Деньгами нашего дома престарелых распоряжалась Наталия Викторовна, дородная тетка, испытывающая странную любовь к махровым свитерам. Носила их даже летом. Когда я вошел, она занималась расчетами на калькуляторе. Край столешницы тонул глубоко в рыхлом животе, а необъятные груди покоились на столе. Ко мне она даже не повернулась.
— Когда зарплату будут давать, Наталия Викторовна?
— Когда мэрия деньги переведет, — сухо ответила она.
Все. Разговаривать больше не о чем. И тогда я поступил так, как всегда поступают люди, не зная, что им делать — стал орать:
— Какого черта! Три месяца денег не дают! Мне что, обои дома жрать?! Еще машину ремонтируй! Когда деньги отдадите?!
— Да нету денег, ты понимаешь?! — соизволила она оторваться от калькулятора. — Никому не дают! И нечего тут орать! Пошел вон отсюда!
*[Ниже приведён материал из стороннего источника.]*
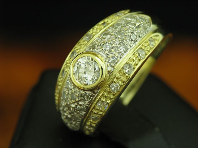 14kt 585 Gelbgold Ring mit 1,01ct Brillant Besatz / Diamant / 5,2g / RG 53,5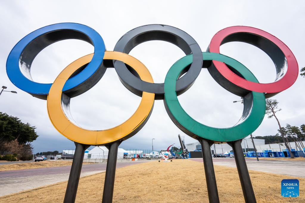 Olympic rings are seen in the Gangneung Olympic Park in Gangneung, South Korea, Jan. 18, 2024. (Xinhua/Zhu Wei)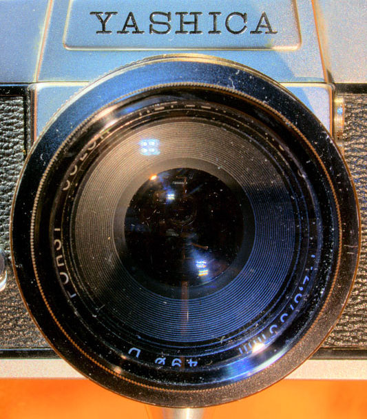 leider muß ich Dich enttäuschen, aber was Du da siehst ist bis auf ein paar ganz kleine Staubkörnchen, die man ohne Blitz kaum sieht, kein Dreck. Da ist der Lack abgeschlagen und gekratzt und diese Marken werden durch das Licht extrem hervorgehoben. Man hätte natürlich neu lackieren können, aber dann wären es ja keine Originale mehr, ausserdem sieht man es in der Vitrine wirklich kaum! Damit Dein Reinlichkeitsgefühl aber nicht dauerhaft verletzt wird, habe ich mir die Mühe gemacht, die Kamera nocheinmal zu fotografieren, dieses mal mit dem Originalobjektiv. Ich hatte es erst ohne die vorgeschraubte Nahlinse versucht, aber da sah es noch kathastrophaler aus als mit.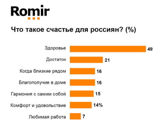 Исследовательский холдинг «Ромир» узнал у россиян, что для них является счастьем в настоящий момент.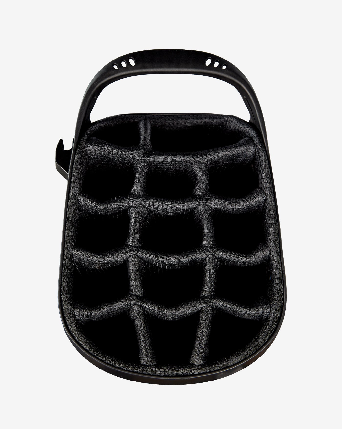 The grip lock bottom provides individual, rubberized grip position so that each club has its own VIP seat and easily locks each club into place preventing noisy rattling and damage to clubs during transport.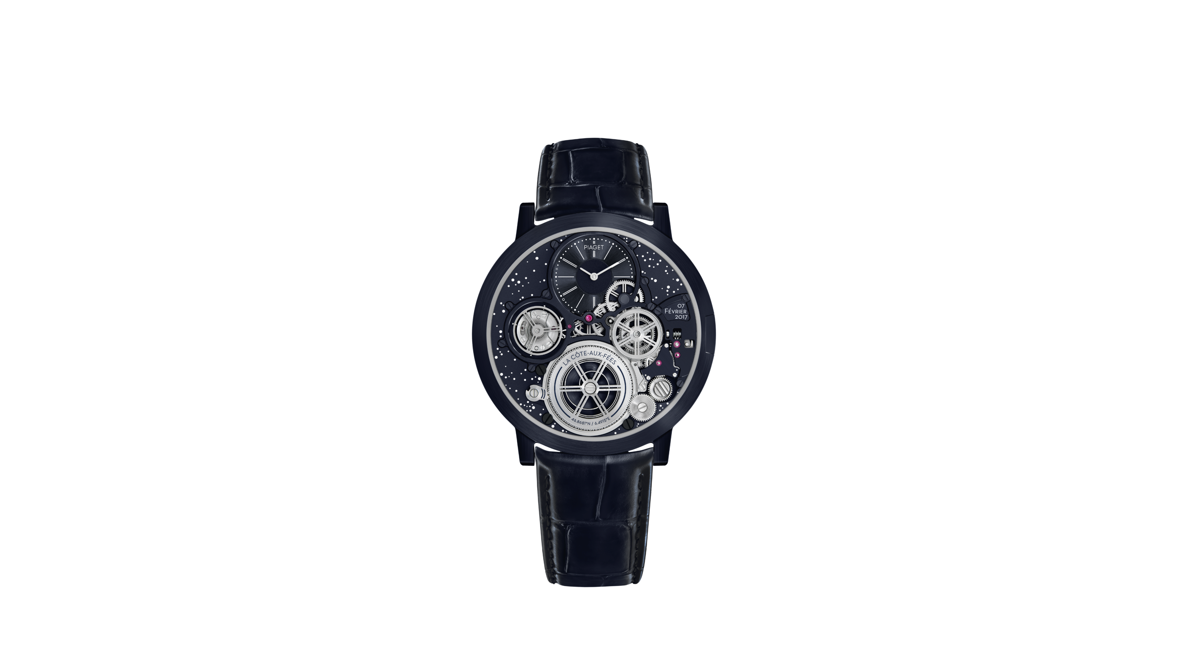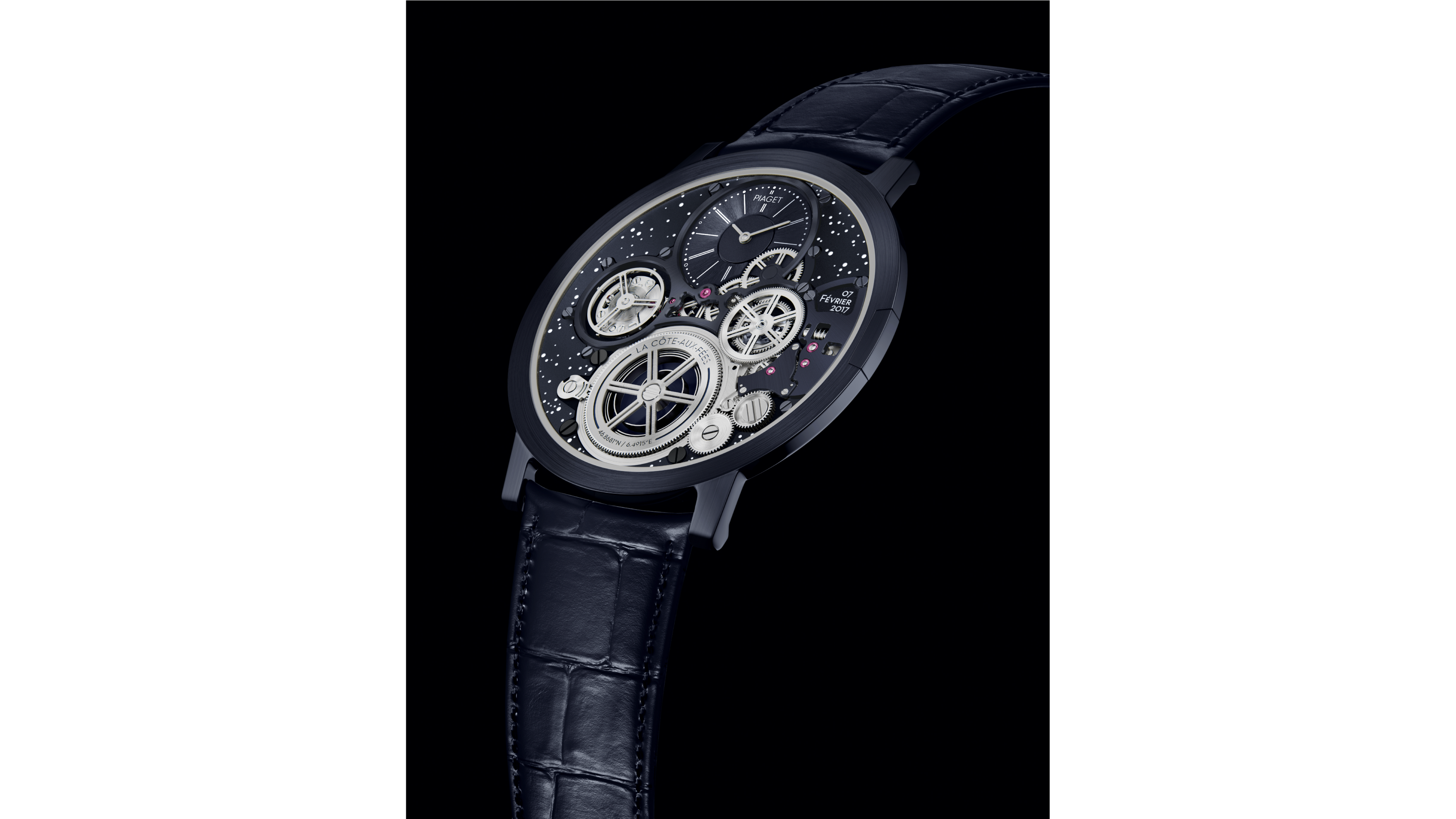 この新作のユニークピースのAUCには、ウォッチメイキングのこれまでの冒険物語を祝した、素晴らしい旅の記憶が随所に刻まれています。文字盤上部には歴史的なロゴが配置され、ドットインデックスには、AUCが最初に時を刻んだ時刻である7時47分が白枠で示されています。また、AUCが誕生した2017年2月7日の日付の刻印や、マニュファクチュールのGPS座標なども刻まれています。文字盤の背景にはスーパールミノバ加工による星が描かれ、AUC誕生当時のラ・コート・オ・フェの上空を再現しています。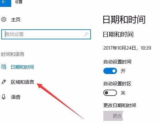 3、在打开的新窗口中点击左侧边栏的“区域和语言”菜单项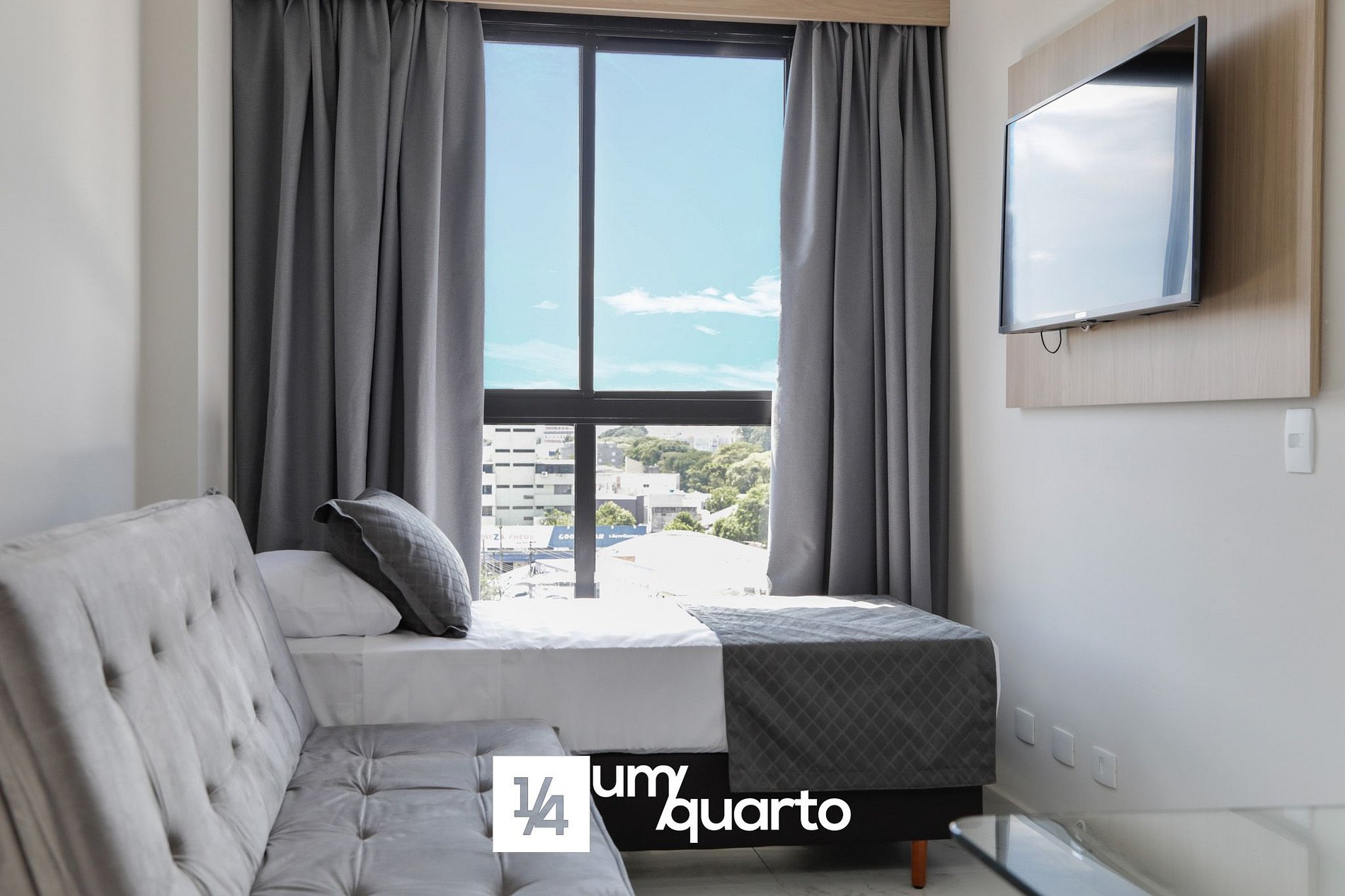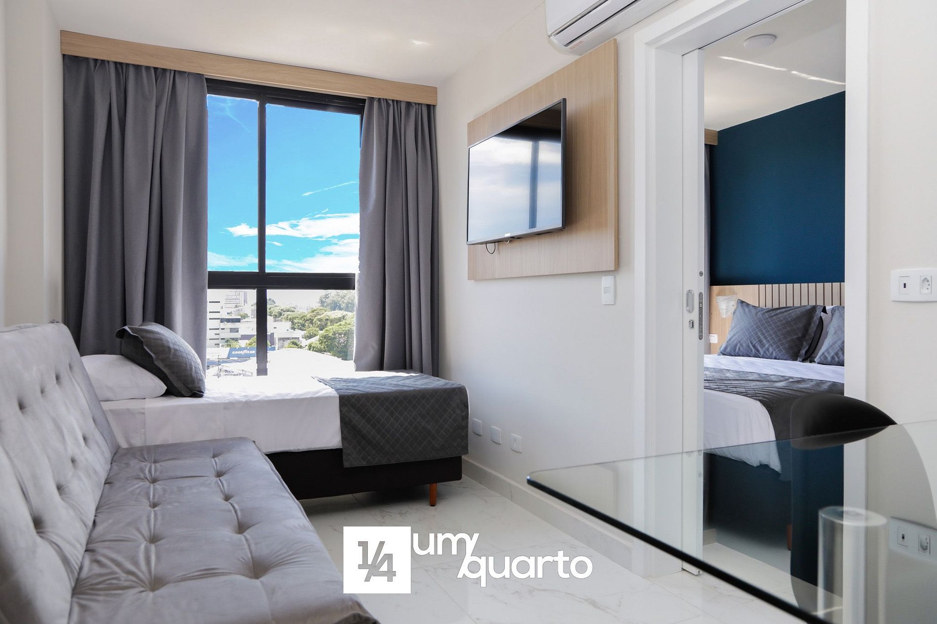 O apartamento está localizado no Hotel Slim Curitiba João Bettega.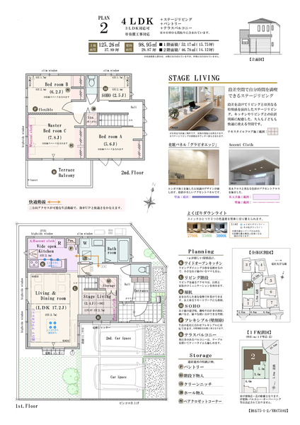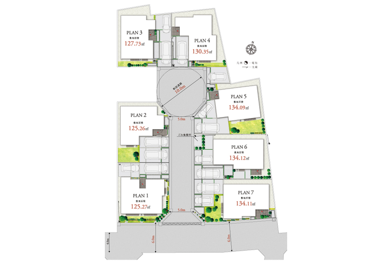 | 建物面積 | 98.95m2~105.85m2 | 土地面積 | 125.26m2~134.12m2 / 私道負担なし |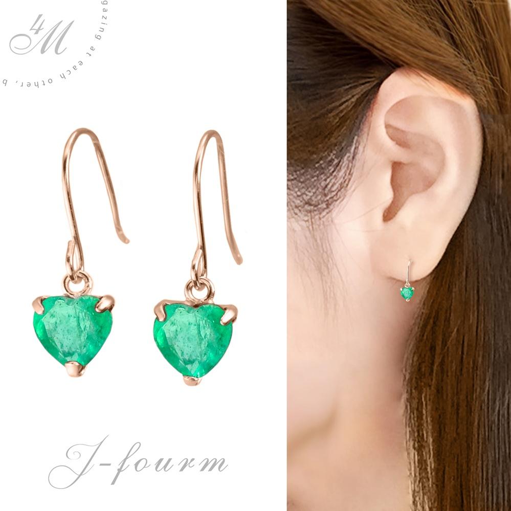 エメラルド ピアス K10 ピンクゴールド ハートシェイプ 両耳用 4mm ハート枠 フック フック式 5月 誕生石 天然石 シンプル 丸 送料無料 あす楽fourm クリスマス 母の日 レディース メンズ 男性 女性 ラッピング 包装 袋 誕生日 プレゼント ケース 箱 華奢 大きいサイ

— Сама пошла! — еще громче заорал я. — Мне твоими криками брюхо не набить! Я жрать хочу! У самой серьги золотые по килограмму, а мы с голоду пухнем!
— Ты сперва мужа заведи! Который подарки такие дарит! Потом чужие разглядывай! — она тоже перешла на крик, но получалось у нее плохо, с одышкой. Вот когда он сказывается — сидячий образ жизни.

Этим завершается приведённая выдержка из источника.